Recorrieron con calma el patio, saboreando cada uno de sus rincones, descubriendo desde cada ángulo nuevas perspectivas hasta llegar a la puerta de acceso a la Iglesia. Allí les esperaba un edificio de grandes dimensiones, presidido por una hermosa tumba de mármol obra de Berruguete y sepulcro de su fundador el Arzobispo Cardenal Tavera.
Pero si algo le llamó la
atención, a pesar de la suntuosidad del hospital-panteón que el arzobispo había
mandado construir, fue uno de los altares laterales, en cuyo panel central por
una enorme pintura de El Greco: El bautizo de Jesucristo.
- No me extraña que su obra no
fuese entendida en su época. Fíjate en las figuras alargadas y en el universo
de colores y la luminosidad que despliega en cada uno de sus cuadros.
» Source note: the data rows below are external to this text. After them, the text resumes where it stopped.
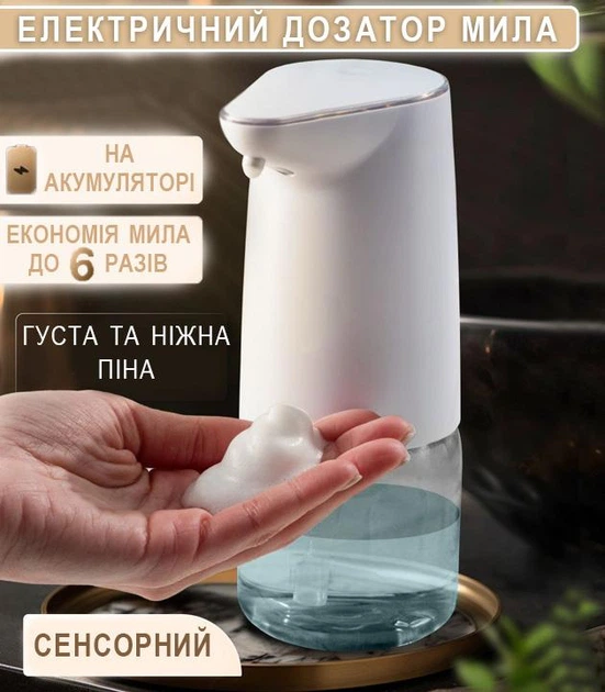 Сенсорний Дозатор для мила FoamSens Безконтактний автоматичний Диспенсер рідкого мила що утворює густу піну Білий на акумуля
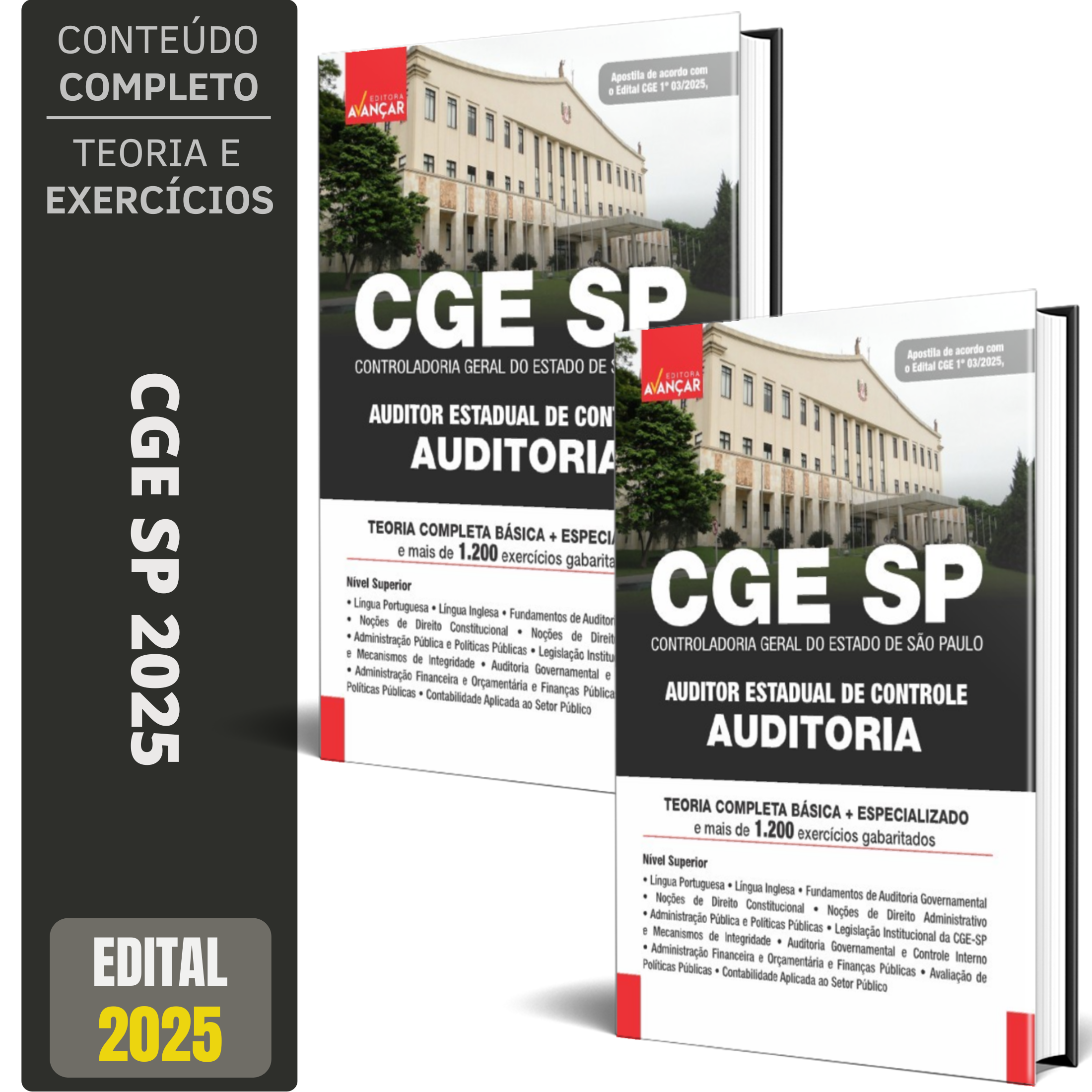 A Apostila Concurso CGE SP - CONTROLADORIA GERAL DO ESTADO DE SÃO PAULO 2025 - AUDITORIA contempla as seguintes matérias:
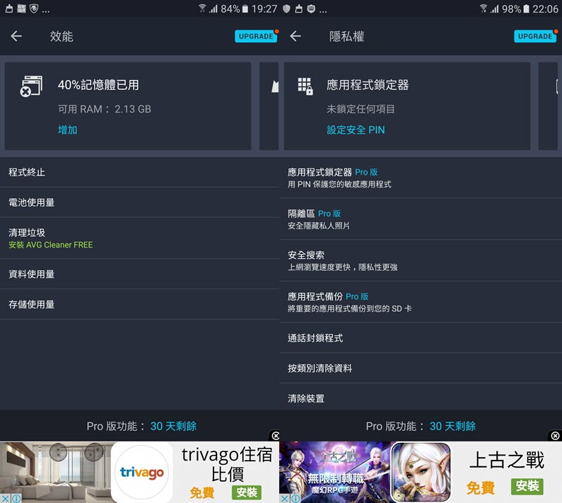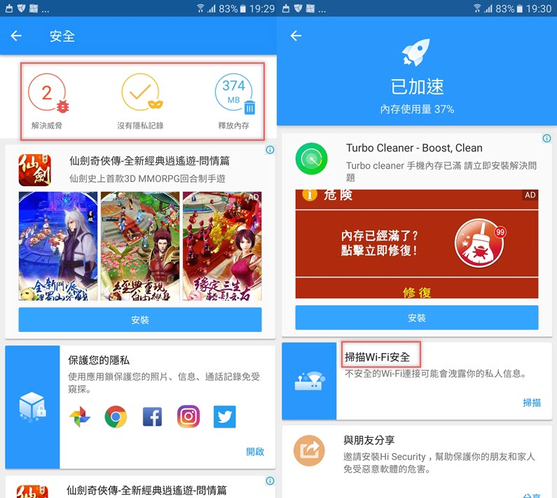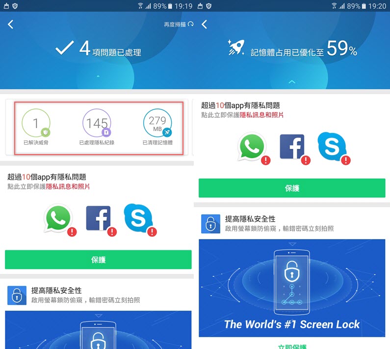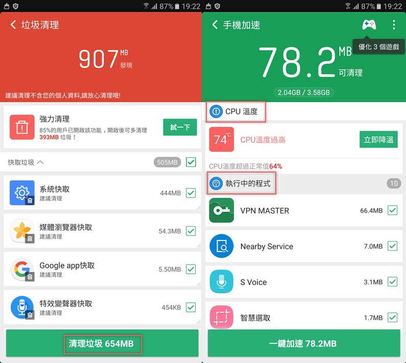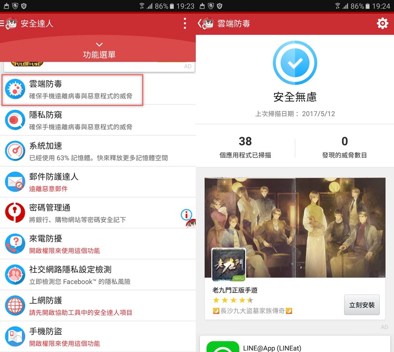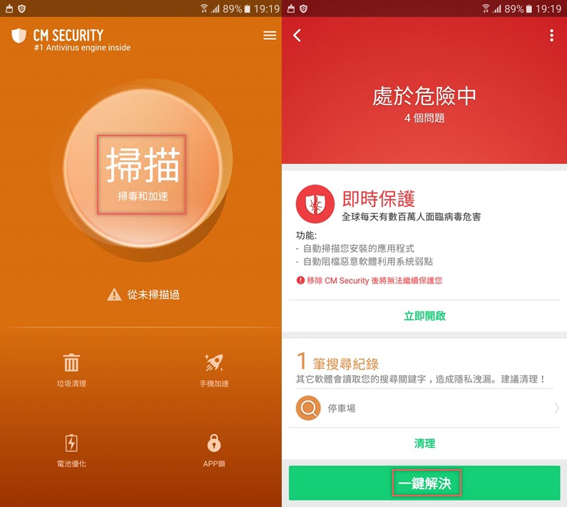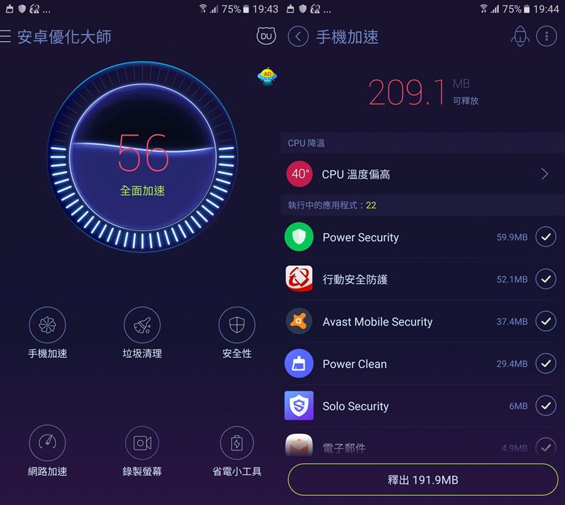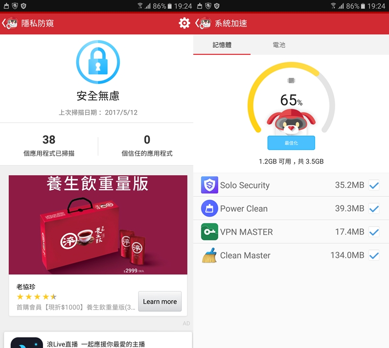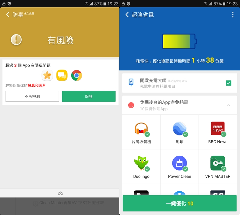防毒的部分要處理的主要是隱私問題,看你想不想加強保護,省電加強就是測出一些耗電的程式,可以選擇關閉不要讓它們常駐後台。
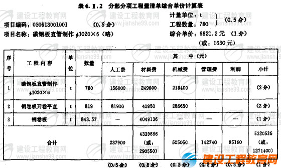 (4)承包人应该向发包方计取的该项钢板卷管制作分部分项工程量清单费用数额。依据《建设工程工程量清单计价规范》《全国统一安装工程预算定额》的有关的规定,计算出Φ1020×6碳钢板直管制作(清单项目的统一编码为030613001)的分部分项工程量清单综合单价,将相关数据填入答题纸表
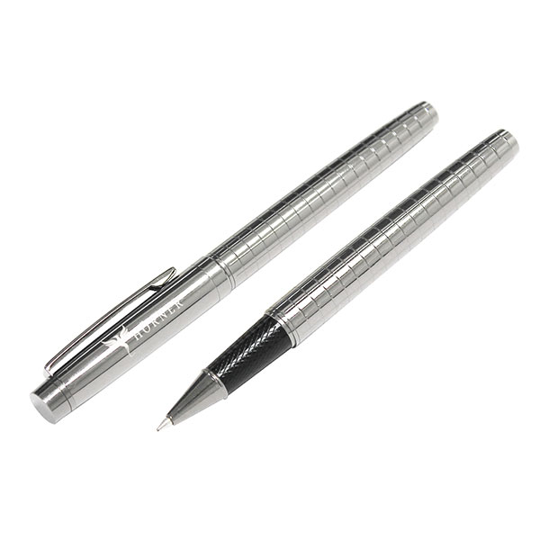 Exceptionally smart, professional and elegant, for extra brand gravitas. Pull off cap with shiny silver finish barrel and stylish grid effect pattern to outer barrel and cap. Black inner trim to nib. High quality black ink refill.
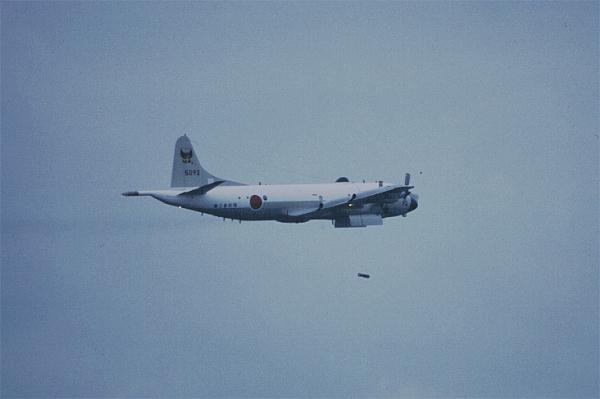 US-1の後はP-3Cの対潜爆弾の投下である。2機のP-3Cが前後に並んだ隊形で、後方より接近し、各機4発の対潜爆弾の連続投下を実施する。開かれた爆弾庫から時間差を置いて、投下され、着水、そして、水中衝撃波に打たれた艦が震え、巨大な水柱が立つ。
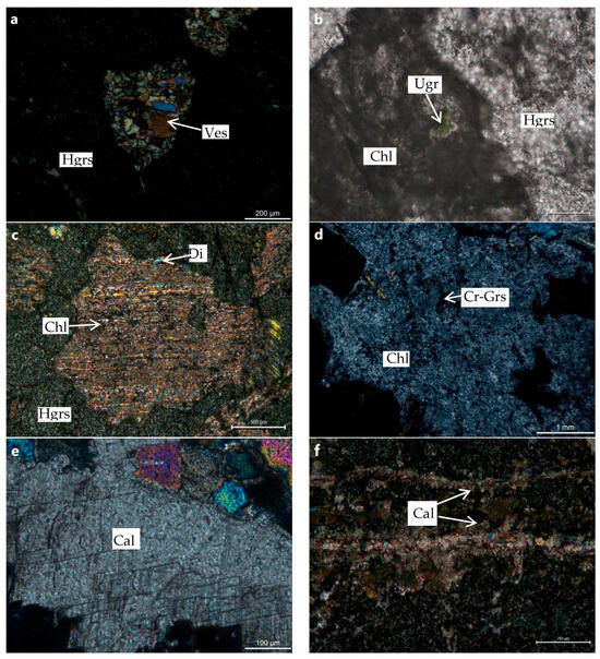 Polarizing micrographs of the samples. (a) Hydrogrossular occurs in the matrix alongside relatively larger vesuvianite grains (+). (b) Uvarovite exhibiting an emerald-green coloration (−). (c) Diopside grains are replaced by hydrogrossular along the cleavage planes, with partial alteration to chlorite (+). (d) Chlorite and Cr-bearing grossular. (e) Coarse-grained calcite (+). (f) Calcite veinlets (+).
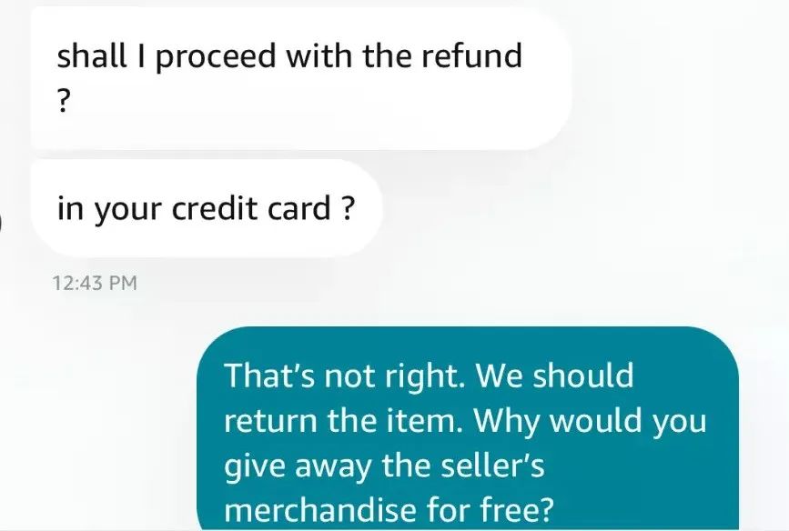 例如一位消费者联系亚马逊客服申请退货,并表示愿意承担退货运费,但是亚马逊客服的回复却让他感到震惊:申请全额退款,并保留商品。
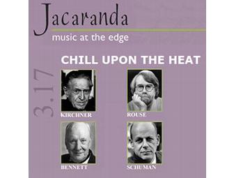 A pair of tickets to the March 17, 2012 Jacaranda concert, Chill Upon The Heat, at 8:00 pm at First Presbyterian Church in Santa Monica.
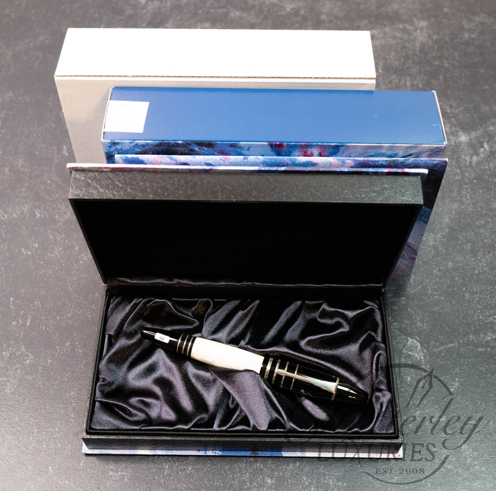 This pen is pre-owned and in near-perfect condition, it does not appear to have been inked. It comes complete with a box and papers and is equipped with an 18k Medium nib. It fills via a Piston Filling system.
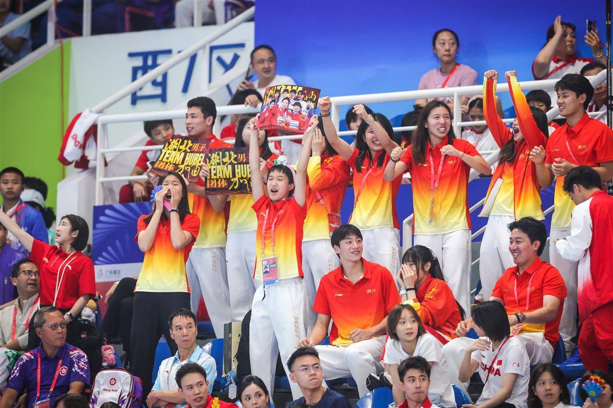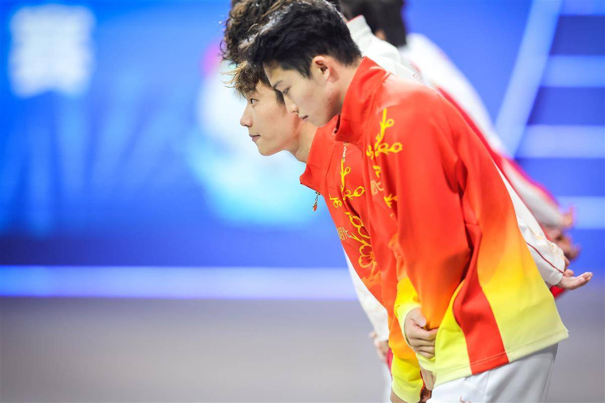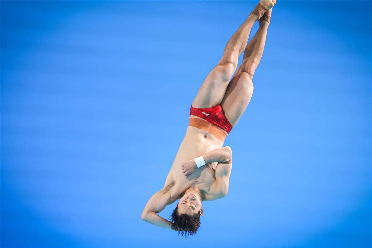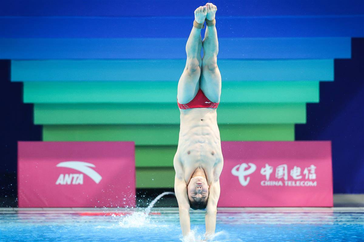11月3日,广东奥体中心游泳馆,第十五届全运会跳水项目展开男子团体决赛的争夺。在个人三米板比赛中,奥运冠军、湖北老将王宗源以544.3分锁定第一,其中最后一跳更是跳出100.70分;另一名湖北名将、世界冠军郑九源以489.25分位列第三。(湖北日报全媒记者 时龚 摄)
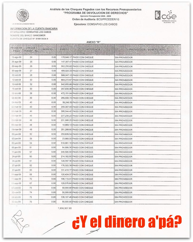 Otro de las irregularidades que saltan a la vista, es el pago de una larga lista de cheques con el concepto SIN PROVEEDOR. O sea, dinero que salió de las castigadas arcas del agua potable que no se sabe a dónde fue a parar, lo que es motivo suficiente para encarcelar a cualquier gerente de cualquier empresa honesta.
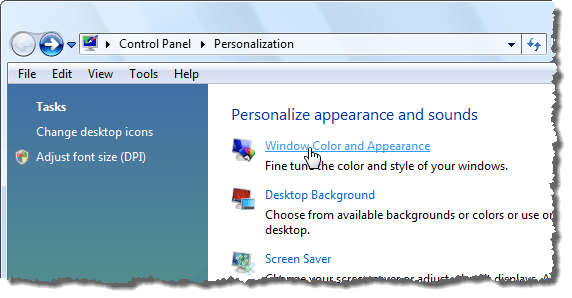 The Personalization screen on the Control Panel displays. Click the Window Color and Appearance link.
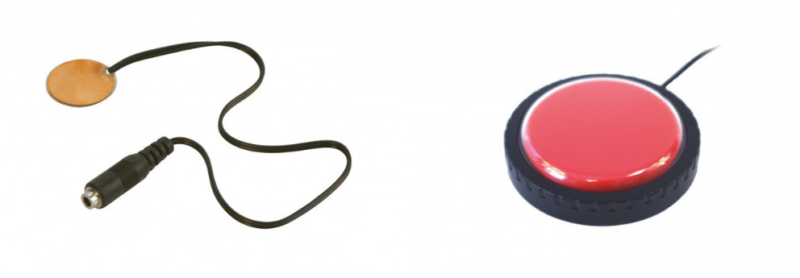 Contacteur personnalisable standard – 6,5 cm : Personnalisez ce contacteur selon vos envies en glissant une image, un pictogramme ou une photo sous le capuchon transparent. Il permet de donner une incitation supplémentaire ou de lier visuellement le contacteur à l’objet branché. Existe en 3 tailles (mini, standard ou maxi) et 4 couleurs (jaune, rouge, bleu, vert) différentes. Dès 3 ans.
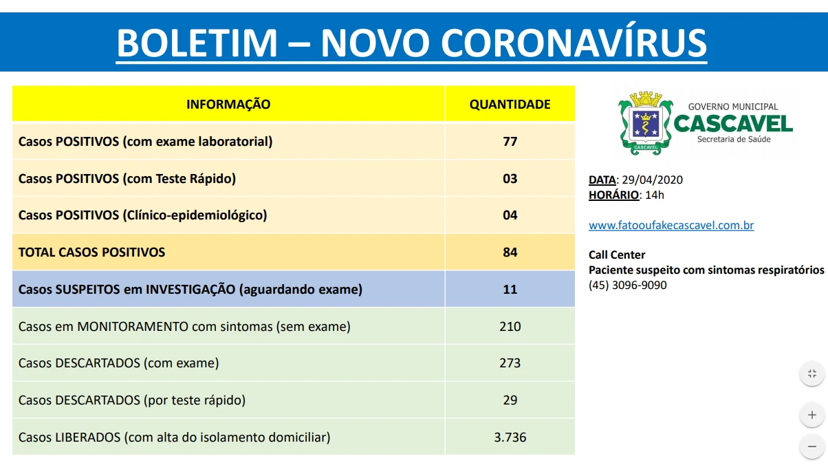 Chega 84 casos confirmados com coronavírus (Covid-19) em Cascavel
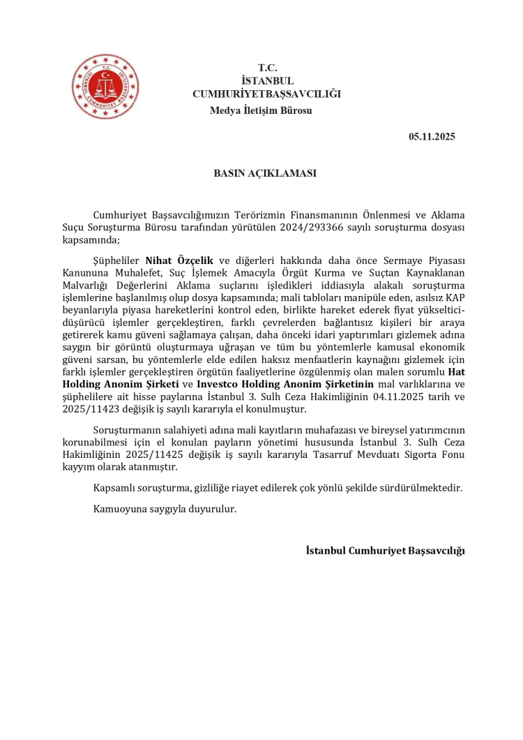 İstanbul Cumhuriyet Başsavcılığı Terörizmin Finansmanının Önlenmesi ve Aklama Suçları Soruşturma Bürosu tarafından yürütülen soruşturma kapsamında Hat Holding A.Ş. ve Investco Holding A.Ş. hakkında önemli bir gelişme yaşandı. Şirketlerin mal varlıklarına ve şüphelilere ait hisse paylarına el konulurken, bu varlıkların yönetimi için Tasarruf Mevduatı Sigorta Fonu (TMSF) kayyum olarak atandı.
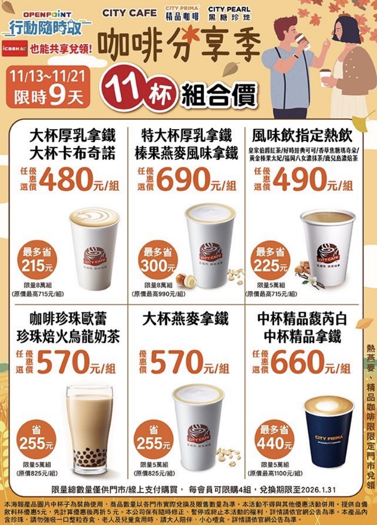 OPENPOINT行動隨時取於11/13-11/21推出CITY 咖啡分享季

Fusionó
su época bizantina con las escuelas romana y veneciana, integrándolo todo y
dando como resultado un estilo único e imprimiendo una gran personalidad en toda
su obra.
- Sí, son verdaderamente
peculiares, aunque ya sabes que a mí el manierismo no me entusiasma -le
respondió Francesca acercándose un poco más al altar para percibir con más
claridad los trazos de las pinceladas.
A su derecha se abría la puerta
de la sacristía y tras ella, colgando de una de sus paredes Norte reconoció uno
de sus cuadros preferidos,… o tendría que decir una parte de uno de sus cuadros
preferidos.
- ¡Ven! –indicó a Francesca
tomándola de la mano y arrastrándola literalmente hacia la estancia– no sabía
que La Sagrada Familia con Santa Ana estaba aquí.
Tan pronto estuvieron a su altura pudieron admirar una de las más bellas imágenes femeninas pintadas por el Greco.
- Fíjate en el delicado rostro de
la Virgen María, su dulzura, su serenidad, la luminosidad de su rostro; nada
que ver con otras pinturas de la época que tenían un sentido devocional, más del
gusto de La Contrarreforma. En este lienzo la naturalidad de su rostro adquiere
toda su dimensión.
- ¡Ah!, ahora entiendo porque
dices que solo te gusta una parte de la pintura –le respondió ella sonriendo-. Desde
luego la figura del niño no le hace honor al resto de los personajes.
- Veo que no requiere más
explicaciones –le respondió Norte elevando su ceja izquierda.